▸ **GIVEN ENTRIES**
------------------------
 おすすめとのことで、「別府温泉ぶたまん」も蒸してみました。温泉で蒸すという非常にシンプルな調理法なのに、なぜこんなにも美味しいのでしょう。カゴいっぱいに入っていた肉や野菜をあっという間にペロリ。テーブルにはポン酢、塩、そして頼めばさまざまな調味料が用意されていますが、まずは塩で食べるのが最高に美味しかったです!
------------------------
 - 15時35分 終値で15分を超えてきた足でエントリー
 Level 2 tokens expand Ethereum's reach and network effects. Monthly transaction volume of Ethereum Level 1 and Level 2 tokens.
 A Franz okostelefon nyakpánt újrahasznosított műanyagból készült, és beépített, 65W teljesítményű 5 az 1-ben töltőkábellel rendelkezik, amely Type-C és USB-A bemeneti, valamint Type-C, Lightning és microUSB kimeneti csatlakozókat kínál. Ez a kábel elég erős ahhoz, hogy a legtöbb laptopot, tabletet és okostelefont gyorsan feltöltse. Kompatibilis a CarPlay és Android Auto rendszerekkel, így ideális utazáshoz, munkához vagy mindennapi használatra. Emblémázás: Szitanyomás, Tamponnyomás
------------------------
▸ **ASSIGNMENT**
Look back at the data above. Transcribe exactly the lines starting at the line that contains "Level 2 tokens expand" and ending at the line that contains "A Franz okostelefon".

▸ **PROBLEM SOLUTION**
 Level 2 tokens expand Ethereum's reach and network effects. Monthly transaction volume of Ethereum Level 1 and Level 2 tokens.
 A Franz okostelefon nyakpánt újrahasznosított műanyagból készült, és beépített, 65W teljesítményű 5 az 1-ben töltőkábellel rendelkezik, amely Type-C és USB-A bemeneti, valamint Type-C, Lightning és microUSB kimeneti csatlakozókat kínál. Ez a kábel elég erős ahhoz, hogy a legtöbb laptopot, tabletet és okostelefont gyorsan feltöltse. Kompatibilis a CarPlay és Android Auto rendszerekkel, így ideális utazáshoz, munkához vagy mindennapi használatra. Emblémázás: Szitanyomás, Tamponnyomás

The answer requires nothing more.